We will do that as a community this year, working through our major governance committees and with our Board of Trustees. You will receive more information later this month. Two very thoughtful reports I received over the summer—from the Priorities, Planning, and Budget Committee and from the special working group on Study Away—offer ideas and recommendations that will be helpful to this review process, especially as they relate to specific goals within the strategic plan.
Capital Projects
One of the major projects called for in Building on Strength is the revitalization of Palmer Auditorium, to advance the College’s distinction in the creative and performing arts. Funds were raised for this project in 2018; architectural plans completed in 2019; and construction commenced in June 2020 with A/Z Corporation. Those of you who are on campus can see the work now underway on the building’s exterior. The project is scheduled to be complete by fall 2021. We are so fortunate that Jim Norton, former director of facilities management at Connecticut College, has agreed to come out of retirement to help us oversee this historically informed renovation.
Campaign
The funds for the renovation were raised as part of the comprehensive campaign for Conn launched in fall 2017. Over the last three years we have made good progress on our campaign goals. Even with the economic challenges brought on by COVID-19, our community remained steadfast in its philanthropic support last year, helping us reach a $6M annual fund goal to ensure a balanced budget at year’s end. The campaign raised $14M in new gifts and commitments in 2019-20, bringing its three-year cumulative total to nearly $128M. The coming year includes an even more ambitious goal.
Convenings
To conclude, I want to announce a few opportunities for the campus to come together in the coming weeks. The first is the visit of Joy Harjo, author of Crazy Brave, the beautiful memoir assigned to our incoming students this year. She will be with us on Monday, Sept. 14 at 7 p.m. EST as part of our annual collaboration with the One Book One Region program. You may register for the virtual event here.
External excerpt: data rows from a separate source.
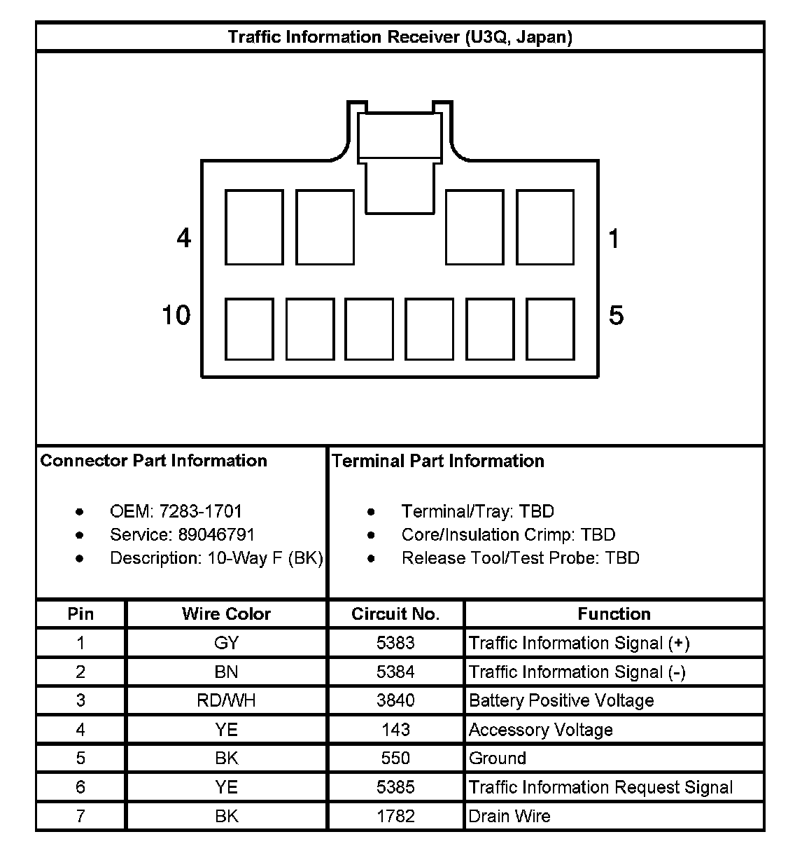 Traffic Information Receiver (With RPO Code U3Q, Japan):
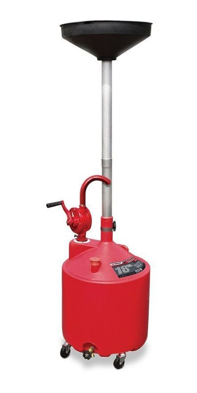 The lightweight 18-gallon RD-18G features a convenient hand pump for even faster oil draining and a stable body to ensure proper balance, whether the unit is collecting oil or effortlessly gliding across the floor on its ball bearing casters. The drain is constructed out of high-quality, translucent polyethylene for strength and durability, which also enables operators to check the oil level at all times with ease. The entire oil drain is resistant to rusting, denting, fluid damage and chemical erosion.
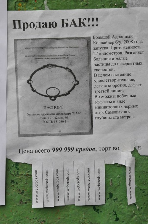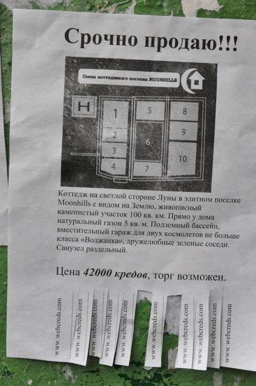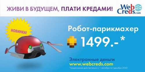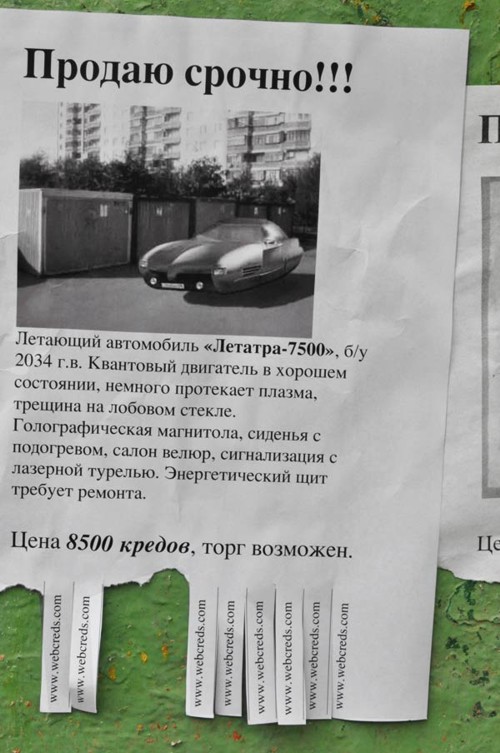 Осенью в Москве можно было увидеть наружную рекламу футуристических предметов"Домашний телепорт", "Робот-парикмахер" и летающий автомобиль "Летатра-9000" продавались как самый обычный ходовой товар вроде чайников или телевизоров. С той лишь разницей, что цена указана в "кредах", а внизу мелким шрифтом написано: "Предложение действительно с 1 октября по 1 декабря 2042 года".В дополнение к outdoor-кампании была проведена широкомасштабная расклейка объявлений. На первый взгляд объявления кажутся совершенно обычными. Но присмотревшись, можно было прочитать, что предлагают они не совсем обычный товар. ![]() Cрочно продаю!!! Коттедж на Луне с видом на Землю на светлой стороне, живописный каменистый участок 100 кв. км. Прямо у дома синтетическая лужайка 5 кв. м. Подземный бассейн, вместительный гараж для двух космолетов не больше класса "Волжанин", дружелюбные зеленые соседи. Санузел раздельный. Цена 42000 кредов, торг возможен. ![]() Продаю БАК!!! Большой Адронный Коллайдер б/у, 2008 года запуска. Протяженность 27 км. Разгоняет большие и малые частицы до невероятных скоростей. В целом состояние удовлетворительное, легкая коррозия, дефект третьей линии. Возможны побочные эффекты в виде миниатюрных черных дыр. Самовыкоп с глубины ста метров. Инструкция на русском прилагается. Цена всего 999 999 кредов, торг возможен. ![]() Продаю срочно!!! Летающий автомобиль "Летатра-7500", б/у 2034 г.в. Квантовый двигатель в хорошем состоянии, немного протекает плазма, трещина на лобовом стекле. Голографическая магнитола, сиденья с подогревом, салон велюр, сигнализация с лазерной турелью. Энергетический щит требует ремонта. Цена 8500 кредов, торг возможен. Несомненно подобные объявления ввели многих прохожих в заблуждение. У людей появилось желание узнать, что же такое "креды" и где купить БАК, Летатру и домик на Луне? ![]() ![]() ![]() ![]() Таким образом о себе заявила новая электронная платежная система WebCreds. Эта рекламная кампания проходила в соответствии с концепцией "Живи в будущем, плати кредами!", позиционирующей электронные деньги WebCreds как валюту будущего, позволяющую не выходя из дома совершать моментальные платежи и денежные переводы. Телефон, интернет, ТВ, билеты в кино, товары в интернет-магазинах и даже услуги ЖКХ можно оплатить через интернет, пройдя быструю процедуру регистрации. Концепция денег будущего и креативный дизайн объявлений были придуманы и воплощены в жизнь Иваном Дергачевым и Иваном Заруцким, победителями двухдневного экспресс-креатива, проведенного ADCR совместно с "РА Вершина". |
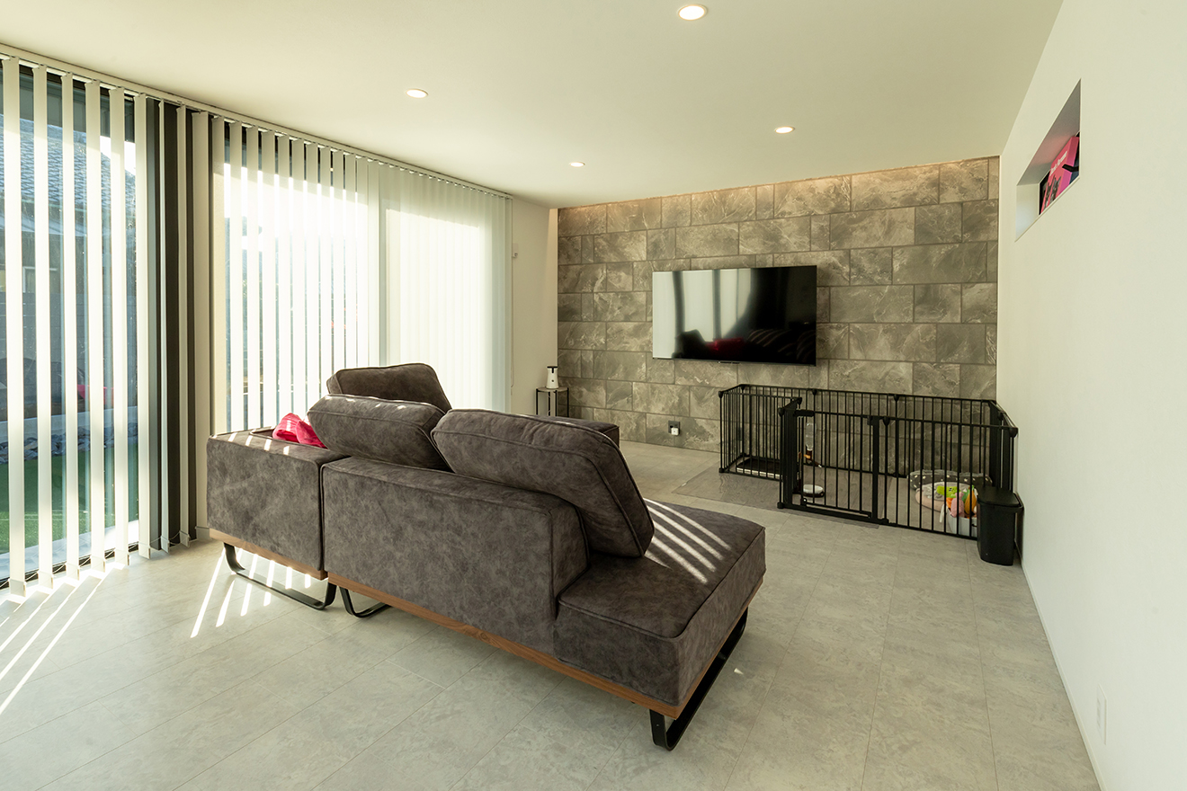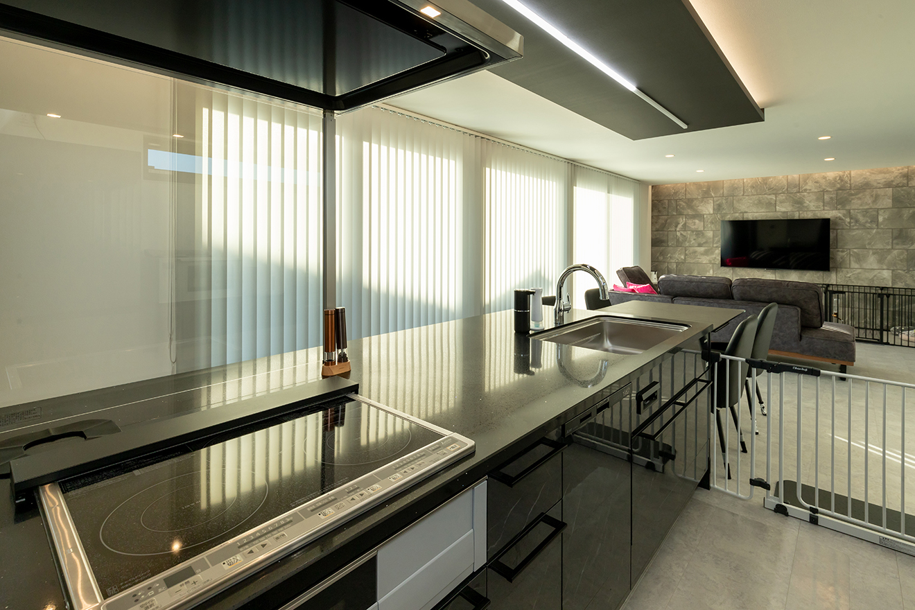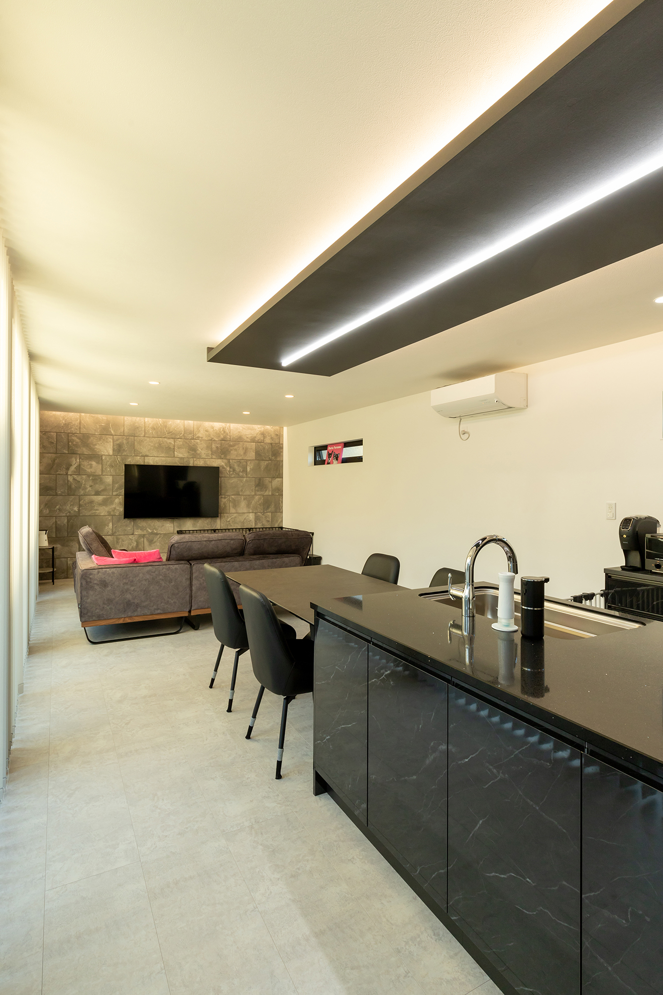 【LDK】テレビ背面はエコカラットを採用。石目調の重厚感に間接照明が溶け込み、上質なホテルライクな空間に。【キッチン】キッチン上部は折り下げ天井を採用。設備や家具と合わせたブラックのクロスで仕上げ、統一感をもたらしました。

Second, because of the required quarantine, our opening-of-school Convocation could not take place as in previous years. Sunday’s welcome event for new students fulfilled the function in part. But we would like to hold this important ritual later in the fall. The date we are saving is Thursday, Oct. 1, just before our virtual Fall Weekend. You will be receiving more information about this event soon.
Third, I want to remind you that our second annual All-College Symposium will take place in a new online format this year, on Friday, Nov. 6, 2020. Please mark your calendars to be inspired as you witness our students demonstrating how they have learned to put the liberal arts into action.
I look forward to seeing all of you in the coming weeks either online or on campus. In the meantime, I wish you a healthy and successful start to this historic new year.